## WHAT TO PRODUCE:
Copy the lines below exactly, starting with the first and finishing with the one holding "Judko Idl Werner"; do not copy the pictures.

(Stored items)

_____

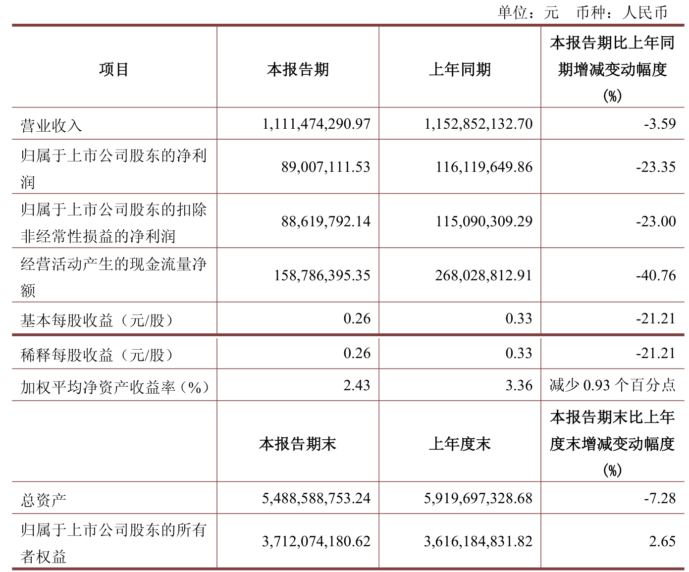 中证智能财讯锦泓集团(603518)4月30日披露2025年第一季度报告。公司实现营业总收入11.11亿元,同比下降3.59%;归母净利润8900.71万元,同比下降23.35%;扣非净利润8861.98万元,同比下降23.00%;经营活动产生的现金流量净额为1.59亿元,同比下降40.76%;报告期内,锦泓集团基本每股收益为0.26元,加权平均净资产收益率为2.43%。
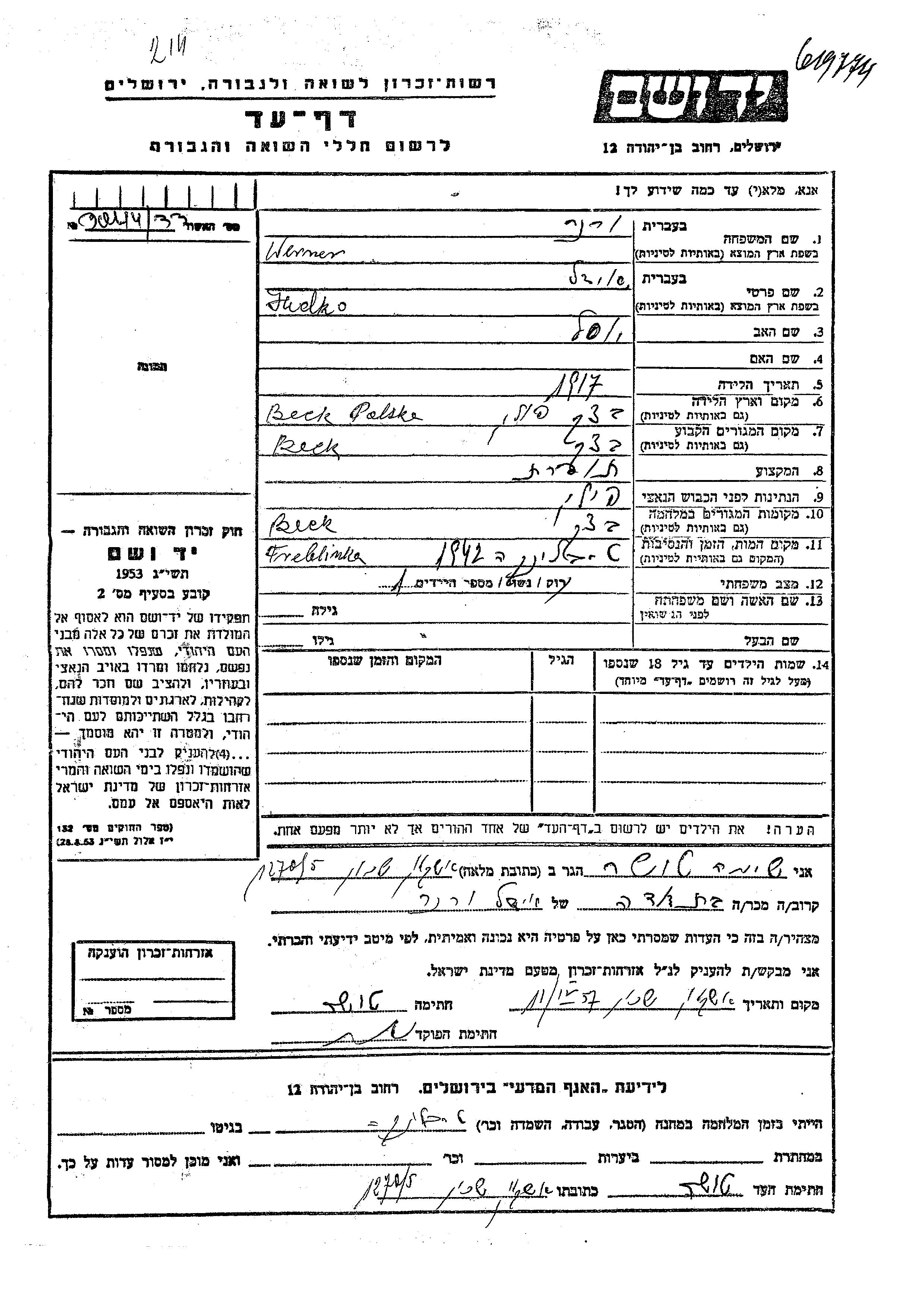 Judko Idl Werner was born in Baczki, Poland, 1917 to Yosel. He was a seamstress and married. Prior to WWII he lived in Baczki, Poland. During the war he was in Baczki, Poland. Judko Idl was murdered in the Shoah. Place of death: Treblinka, Poland, 1942.
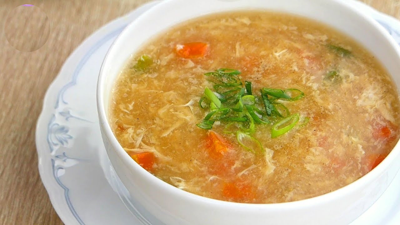 মাংস সেদ্ধ হয়ে এলে নামিয়ে একটা প্লেটে মাংস এবং চিকেন স্টক আলাদা করে রাখতে হবে তারপর মাংস টাকে ঠান্ডা করে চামচের সাহায্যে ছোট ছোট পিস করে নিতে হবে।অন্যদিকে ফ্রাইং প্যানে মাখন গরম করে কাট করা পেঁয়াজ দিয়ে হালকা ভেজে আদা ও রসুন বাটা দিয়ে হালকা বাদামি করে ভেজে নিতে হবে কাঁচা গন্ধ চলে যাওয়া পর্যন্ত আর এই সময় গ্যাসের আঁচ মাঝারি রাখতে হবে,ভালো করে ভাজা হয়ে গেলে গ্রেট করা গাজর এবং পেঁয়াজ শাক দিয়ে হালকা ভেজে নিতে হবে 1 থেকে 2 মিনিট,দু মিনিট পর তাকে চিকেন দিয়ে আবারও হালকা নেড়ে নিয়ে চিকেন স্টক ঢেলে দিতে হবে এবং নেড়ে 5 থেকে 7 মিনিট ফুটিয়ে নিতে হবে মাঝারি আঁচে,7 মিনিট পর তাতে একে একে ভিনিগার, সয়া সস, স্বাদমতো নুন এবং টমেটো সস দিতে হবে| তারপর আবারও ভালো করে মিশিয়ে নিতে হবে এবং আরও তিন থেকে চার মিনিট ফুটিয়ে দিতে হবে,3/4 মিনিট পর পুরোপুরি ফুটে গেলে তাতে কর্নফ্লাওয়ারের গোলা দিয়ে ভালো করে মিশিয়ে এক থেকে দু মিনিট নেড়ে নিয়ে ডিমের গোলা অল্প অল্প করে দিয়ে সমস্তটা ভালো করে মিশিয়ে নিতে হবে এবং রান্না করে নিতে হবে আরও তিন থেকে চার মিনিট,সবশেষে স্যুপ পুরোপুরি হয়ে গেলে গোলমরিচ গুঁড়ো ছড়িয়ে ভালো করে মিশিয়ে নামিয়ে নিতে হবে
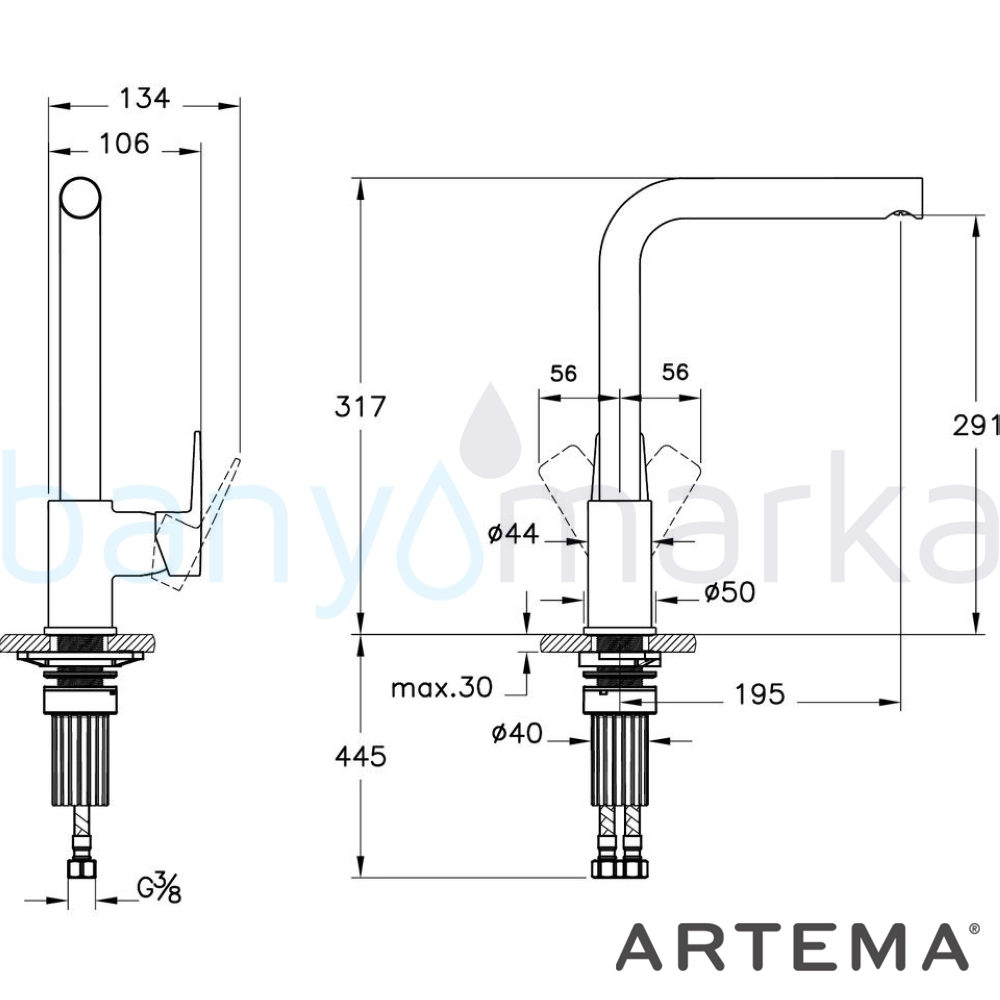 | Ürün Adı: | Artema Shift T30 Eviye Bataryası, Mat Siyah |
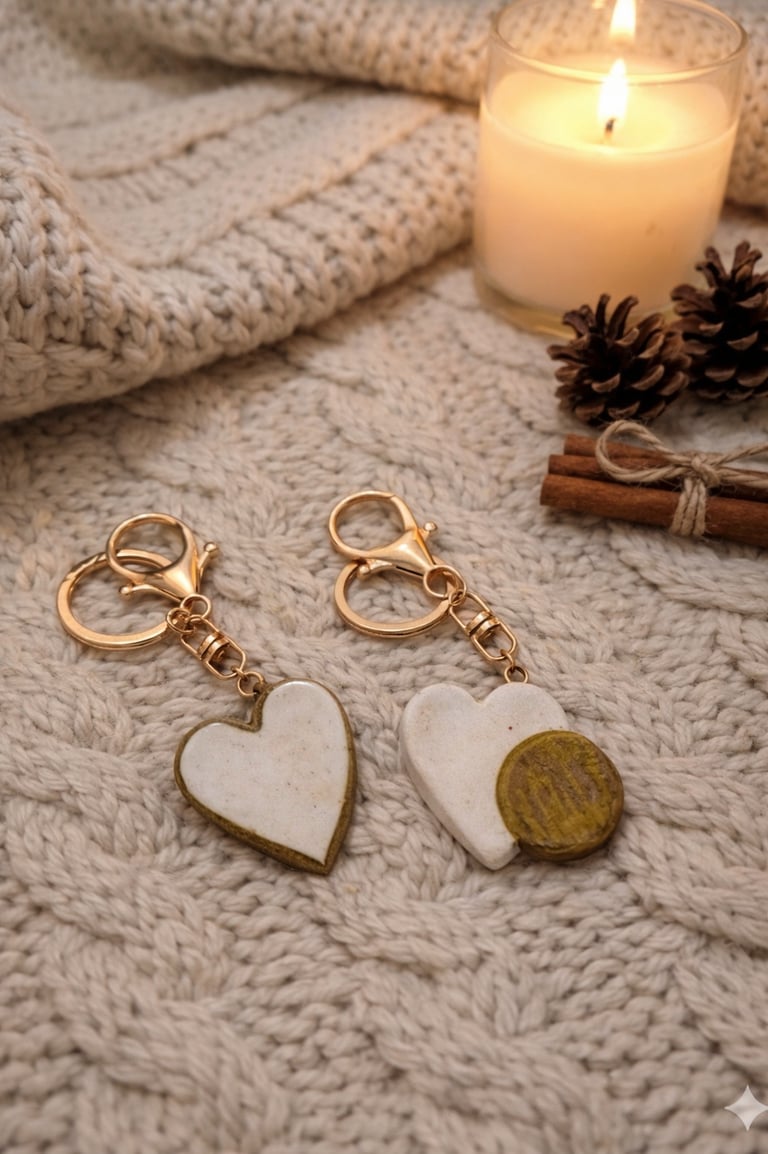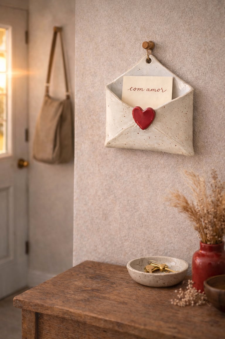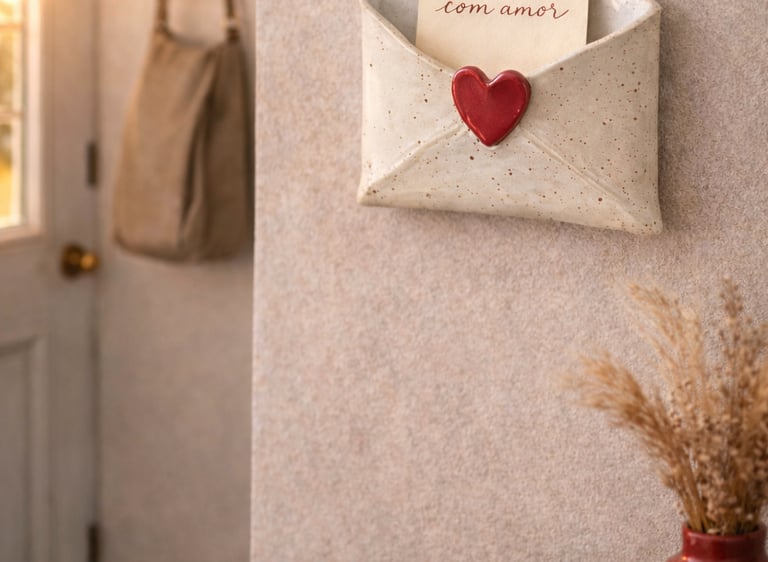 Cada peça - um coração, uma flor, uma palavra - é feita para guardar presença, afeto e intenção. Feitas em cerâmica fria e moldadas à mão, carregam memória, gesto e beleza sutil.

_____

## SOLUTION FOR THIS EXERCISE:
 中证智能财讯锦泓集团(603518)4月30日披露2025年第一季度报告。公司实现营业总收入11.11亿元,同比下降3.59%;归母净利润8900.71万元,同比下降23.35%;扣非净利润8861.98万元,同比下降23.00%;经营活动产生的现金流量净额为1.59亿元,同比下降40.76%;报告期内,锦泓集团基本每股收益为0.26元,加权平均净资产收益率为2.43%。
 Judko Idl Werner was born in Baczki, Poland, 1917 to Yosel. He was a seamstress and married. Prior to WWII he lived in Baczki, Poland. During the war he was in Baczki, Poland. Judko Idl was murdered in the Shoah. Place of death: Treblinka, Poland, 1942.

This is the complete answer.